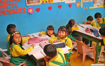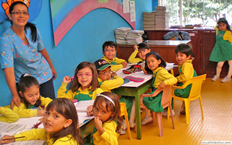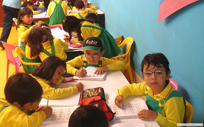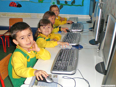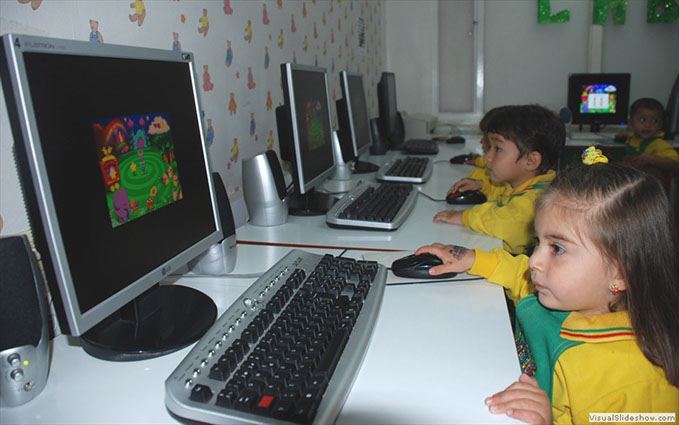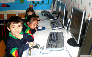 Aula interactiva donde niños y niñas hacen uso de la tecnología como un medio de aprendizaje divertido y atractivo.
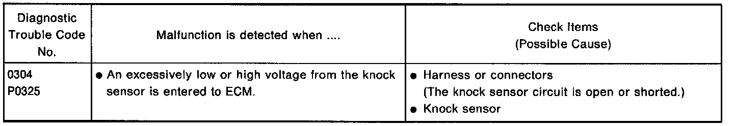 NOTE: Freeze frame data is not stored in the ECM for the knock sensor. The MIL will not light for knock sensor malfunction.The knock sensor is attached to the cylinder block. It senses engine knocking using a piezoelectric element. A knocking vibration from the cylinder block is sensed as vibrational pressure. This pressure is converted into a voltage signal and sent to the ECM.
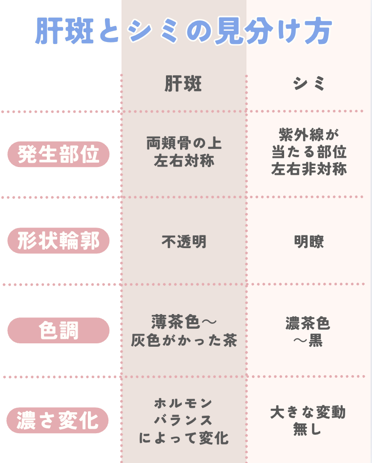 | 項目 | 肝斑が出やすい人・要因 | シミが出やすい人・要因 |
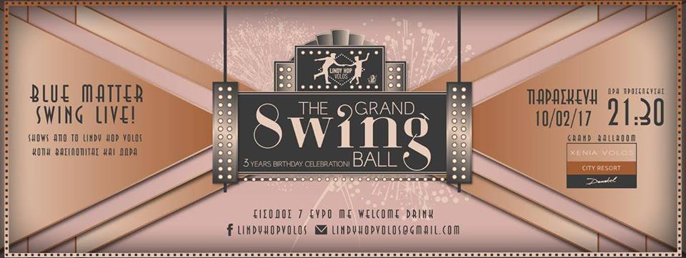 Το Lindy Hop Volos παρουσιάζει για δεύτερη φορά το επιτυχημένο Swingball με ένα πολύ δυνατό LIVE από τους αγαπημένους BLUE MATTER SWING, που θα μεταφέρουν στην ατμόσφαιρα της χρυσής εποχής της Jazz & Swing μουσικής.
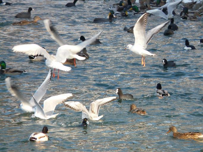 Keywords: gulls ducks coots water scrum feeding hustle and bustle fly wing
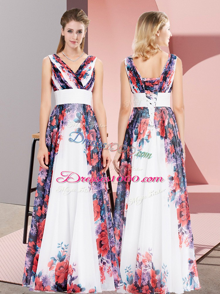 Floor Length White Formal Dresses Chiffon Sleeveless Pattern
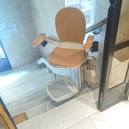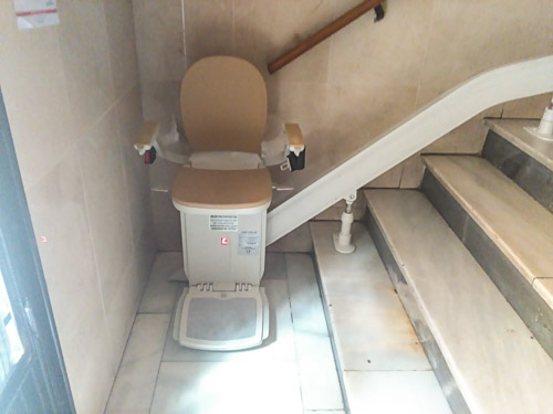 Silla salvaescaleras modelo Acorn 180 ubicada en el interior de un edificio en la población de San Fernando de Henares.
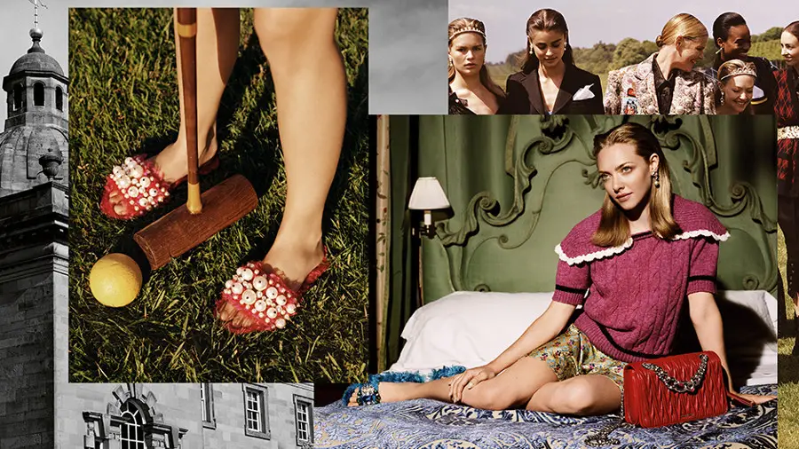 La actriz estadounidense Amanda Seyfried, encabeza un elenco de personajes para un fin de semana de ensueño, en la histórica finca Houghton Hall de Norfolk. Una exploración del lujo decadente entre la modernidad y la historia, contada a través de las fotografías de Alasdair Mclellan en su debut con Miu Miu. Amanda no está sola en estas imágenes, cuenta con la compañía de las modelos: Anna Ewers, Dasha Dogusheva, Dilia Martins, Jeny Howorth, Mayowa Nicholas y Taylor Hill.
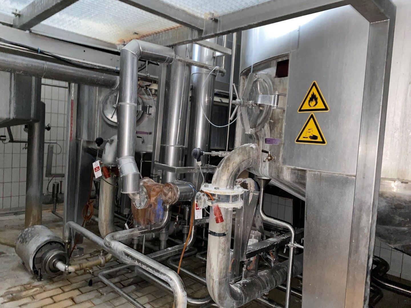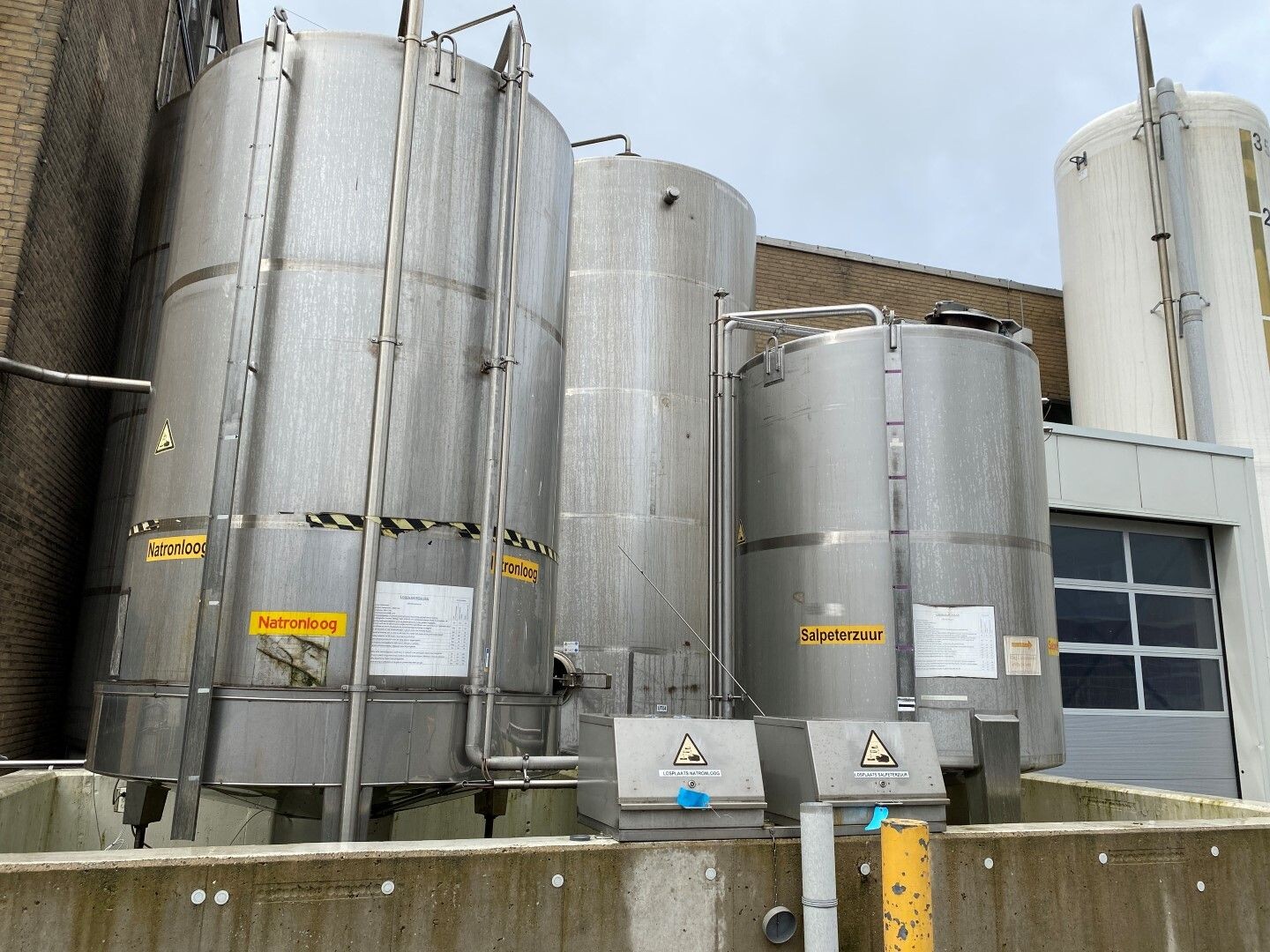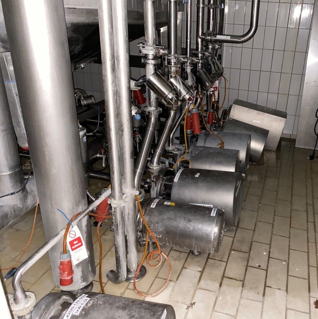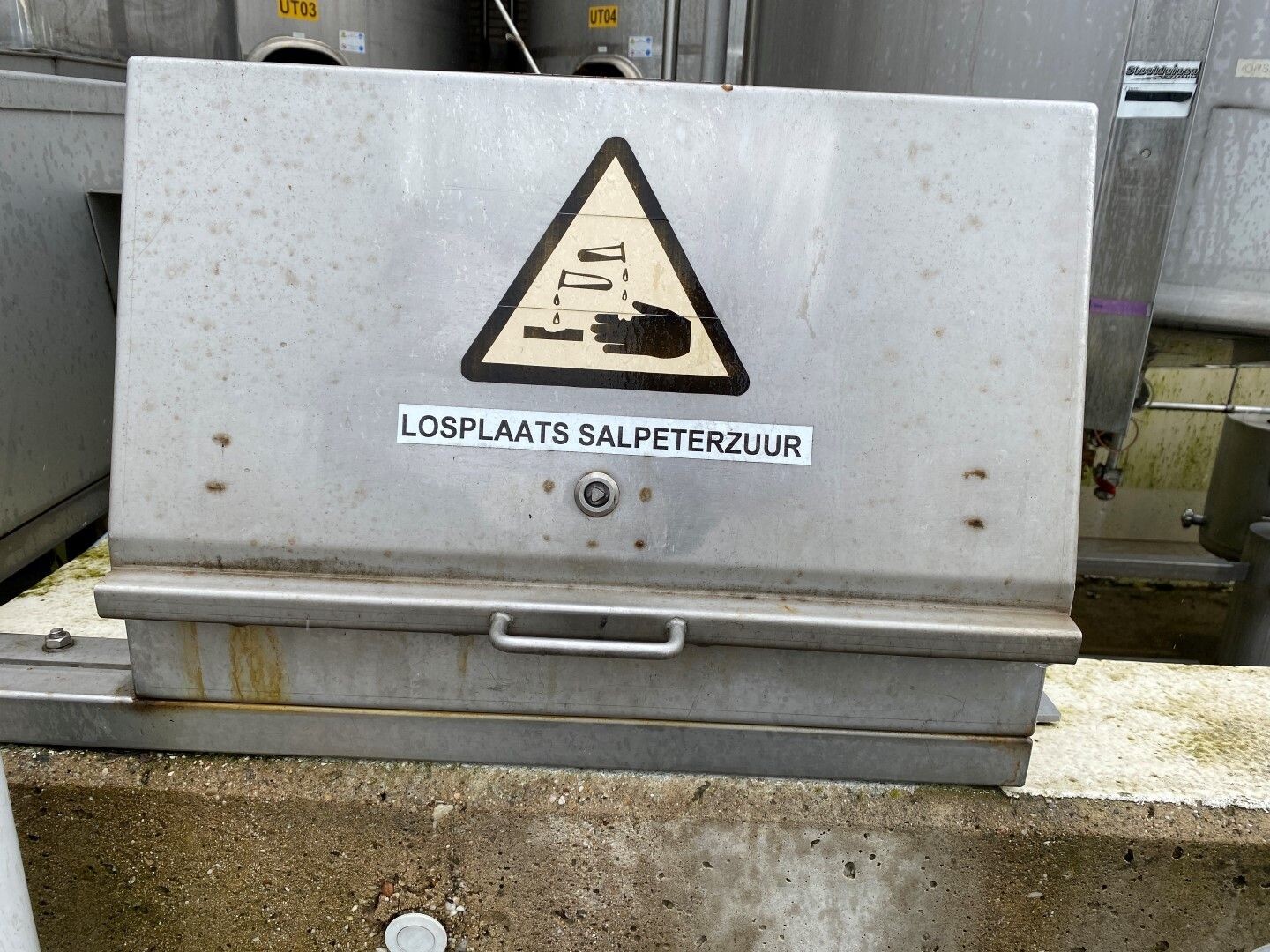 Complete CIP Unit. Bestaande uit: een voorspoel watertank, een loogtank, verwarmd door stoom, inclusief recirculatiepomp. Zuurtank, verwarmd door stoom en inclusief recirculatiepomp. Spoeltank voor schoon water en een water verzameltank. Compleet met al het leidingwerk en ca. 52 kleppen, merk Alfa-Laval model: SRC. Elke tank heeft zijn eigen mangat en kijkglas. Inclusief RVS looprek en trap om de tanks van bovenaf te bekijken. 6 uitgaande leidingen en retourleidingen naar de fabriek, elke leiding heeft zijn eigen pomp (5x 7,5 en 1x 5,5 kW vermogen), merk: Alfa- Laval, model: LKH / FM3. Externe I-O-schakelkast. Optioneel in deze aanbieding: een ontvangst-, opslag- en distributiesysteem voor loog- en zuurconcentraat. Toelichting optioneel systeem: een vrachtwagen brengt het concentraat waarna het in de concentraattank wordt gepompt voor verdere distributie naar de CIP unit of naar andere plaatsen in de fabriek. Bestaande uit een afsluitbare RVS ontvangst box, tank- en verdeelpomp.

Directions: Once the pictures are set aside, copy the remaining text of every entry exactly.

Response area:
 Aula interactiva donde niños y niñas hacen uso de la tecnología como un medio de aprendizaje divertido y atractivo.
 NOTE: Freeze frame data is not stored in the ECM for the knock sensor. The MIL will not light for knock sensor malfunction.The knock sensor is attached to the cylinder block. It senses engine knocking using a piezoelectric element. A knocking vibration from the cylinder block is sensed as vibrational pressure. This pressure is converted into a voltage signal and sent to the ECM.
 | 項目 | 肝斑が出やすい人・要因 | シミが出やすい人・要因 |
 Το Lindy Hop Volos παρουσιάζει για δεύτερη φορά το επιτυχημένο Swingball με ένα πολύ δυνατό LIVE από τους αγαπημένους BLUE MATTER SWING, που θα μεταφέρουν στην ατμόσφαιρα της χρυσής εποχής της Jazz & Swing μουσικής.
 Keywords: gulls ducks coots water scrum feeding hustle and bustle fly wing
 Floor Length White Formal Dresses Chiffon Sleeveless Pattern
 Silla salvaescaleras modelo Acorn 180 ubicada en el interior de un edificio en la población de San Fernando de Henares.
 La actriz estadounidense Amanda Seyfried, encabeza un elenco de personajes para un fin de semana de ensueño, en la histórica finca Houghton Hall de Norfolk. Una exploración del lujo decadente entre la modernidad y la historia, contada a través de las fotografías de Alasdair Mclellan en su debut con Miu Miu. Amanda no está sola en estas imágenes, cuenta con la compañía de las modelos: Anna Ewers, Dasha Dogusheva, Dilia Martins, Jeny Howorth, Mayowa Nicholas y Taylor Hill.
 Complete CIP Unit. Bestaande uit: een voorspoel watertank, een loogtank, verwarmd door stoom, inclusief recirculatiepomp. Zuurtank, verwarmd door stoom en inclusief recirculatiepomp. Spoeltank voor schoon water en een water verzameltank. Compleet met al het leidingwerk en ca. 52 kleppen, merk Alfa-Laval model: SRC. Elke tank heeft zijn eigen mangat en kijkglas. Inclusief RVS looprek en trap om de tanks van bovenaf te bekijken. 6 uitgaande leidingen en retourleidingen naar de fabriek, elke leiding heeft zijn eigen pomp (5x 7,5 en 1x 5,5 kW vermogen), merk: Alfa- Laval, model: LKH / FM3. Externe I-O-schakelkast. Optioneel in deze aanbieding: een ontvangst-, opslag- en distributiesysteem voor loog- en zuurconcentraat. Toelichting optioneel systeem: een vrachtwagen brengt het concentraat waarna het in de concentraattank wordt gepompt voor verdere distributie naar de CIP unit of naar andere plaatsen in de fabriek. Bestaande uit een afsluitbare RVS ontvangst box, tank- en verdeelpomp.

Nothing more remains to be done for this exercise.